# What the task requires
Wherever the listing holds a picture, leave it out, and copy the remainder exactly.

[Information supplied — start]

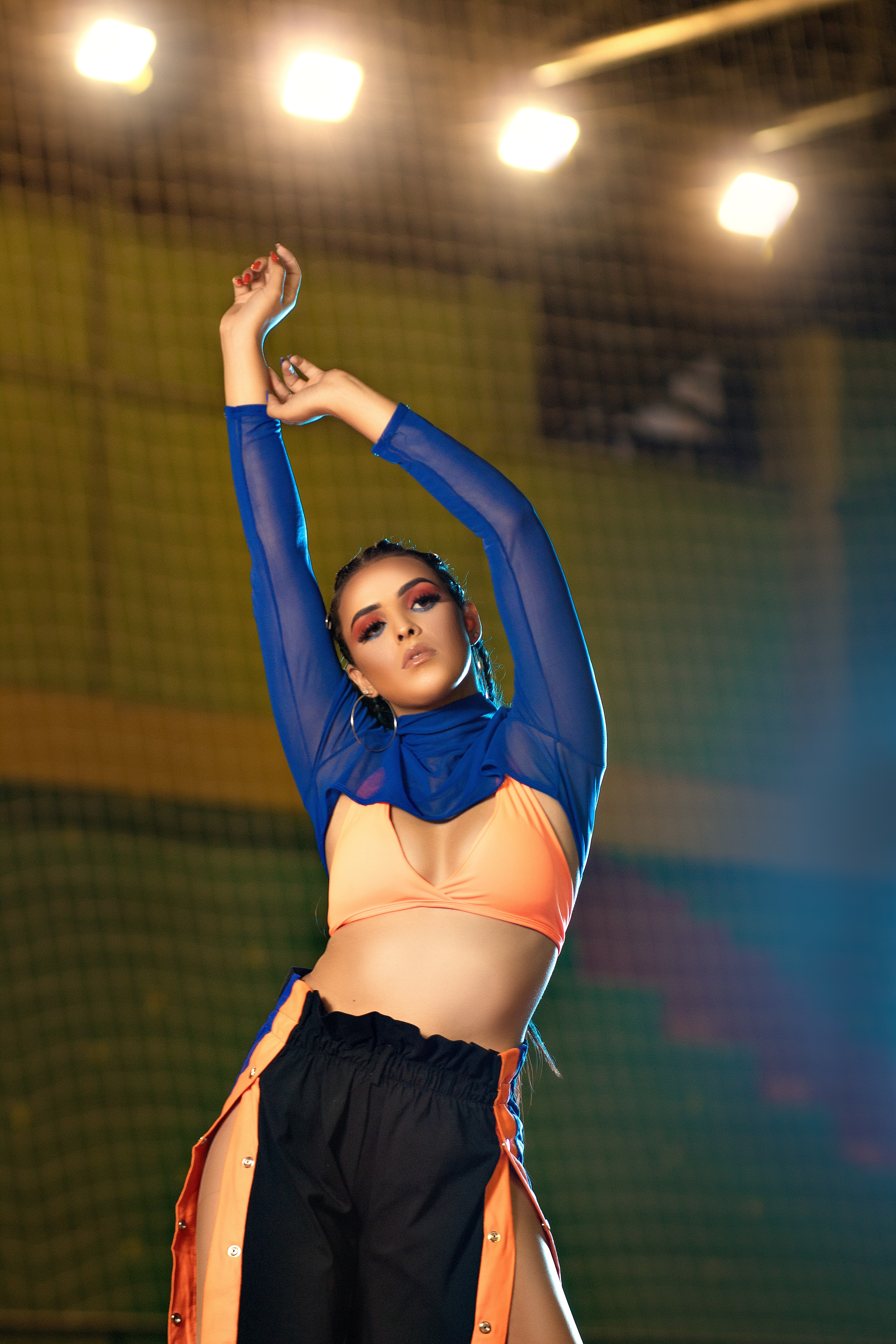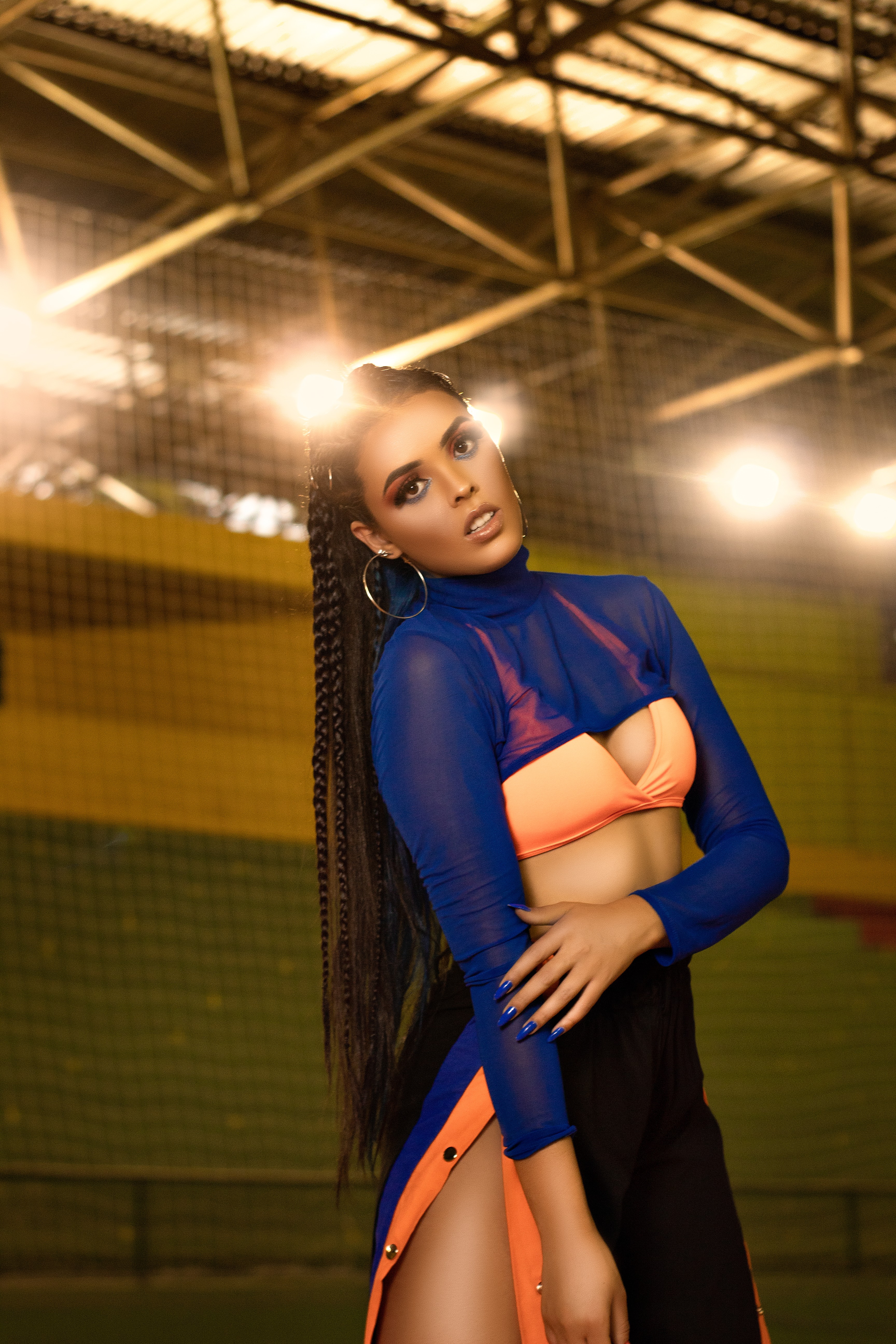 Defini cores de looks que fossem referências para o clipe com a La.Jummy, que foram AZUL ROYAL e LARANJA NEON. Eu e Ronaldo (proprietário da LaJummy) nos reunimos para definirmos esses detalhes. Algumas bijuterias cheguei a pegar com a Naiara Silva pra enriquecer mais os looks. Me atentei aos detalhes de cores pra que fossem marcantes na maquiagem, Paloma Scarlathy me entendeu super bem e deixou característico. Fiz algumas tranças bem a cara do cenário do clipe que também casou super bem, fiz com a Maria Rodrigues. Até nas unhas eu coloquei a CARA DO POP, enormes e uma mão de cada cor com a Franciele Melo e defini depois as sobrancelhas, deixei marcantes e expressivas com a Amanda.
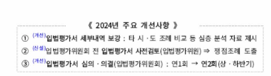 이를 위해, 자체 입법평가를 실시하는 총괄부서인 의회 입법정책담 당관실의 관련 조직을 2024년 1월 1일자로 확대(2팀-+3팀)하였으며, 전문 인력 보강 및 분석 강화로 입법평가의 완성도 제고를 위해 박 차를 가할 준비를 마쳤다.
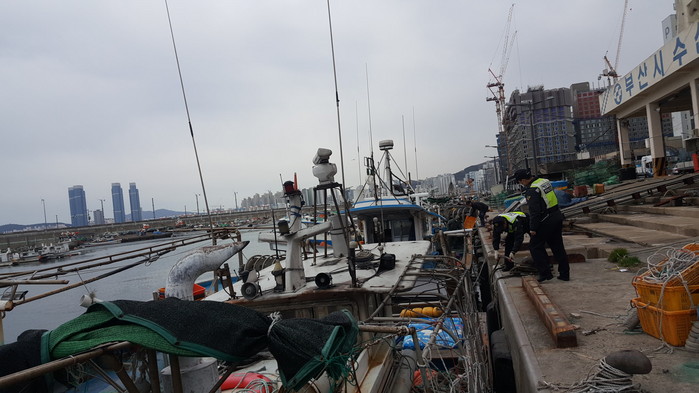 | ▲기상악화에 대비하여 해양경찰관이 민락항 계류상태를 점검하고 있다./부산 해양경찰서 제공 |
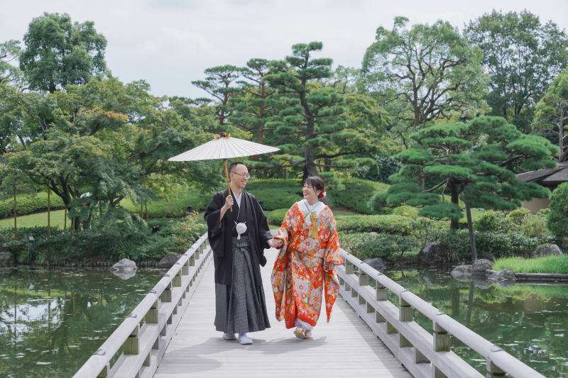 色のグラデーションが綺麗な橋の上で、お二人の歩いている雰囲気のお写真を撮りました!

[Information supplied — finish]

# Answer space
 Defini cores de looks que fossem referências para o clipe com a La.Jummy, que foram AZUL ROYAL e LARANJA NEON. Eu e Ronaldo (proprietário da LaJummy) nos reunimos para definirmos esses detalhes. Algumas bijuterias cheguei a pegar com a Naiara Silva pra enriquecer mais os looks. Me atentei aos detalhes de cores pra que fossem marcantes na maquiagem, Paloma Scarlathy me entendeu super bem e deixou característico. Fiz algumas tranças bem a cara do cenário do clipe que também casou super bem, fiz com a Maria Rodrigues. Até nas unhas eu coloquei a CARA DO POP, enormes e uma mão de cada cor com a Franciele Melo e defini depois as sobrancelhas, deixei marcantes e expressivas com a Amanda.
 이를 위해, 자체 입법평가를 실시하는 총괄부서인 의회 입법정책담 당관실의 관련 조직을 2024년 1월 1일자로 확대(2팀-+3팀)하였으며, 전문 인력 보강 및 분석 강화로 입법평가의 완성도 제고를 위해 박 차를 가할 준비를 마쳤다.
 | ▲기상악화에 대비하여 해양경찰관이 민락항 계류상태를 점검하고 있다./부산 해양경찰서 제공 |
 色のグラデーションが綺麗な橋の上で、お二人の歩いている雰囲気のお写真を撮りました!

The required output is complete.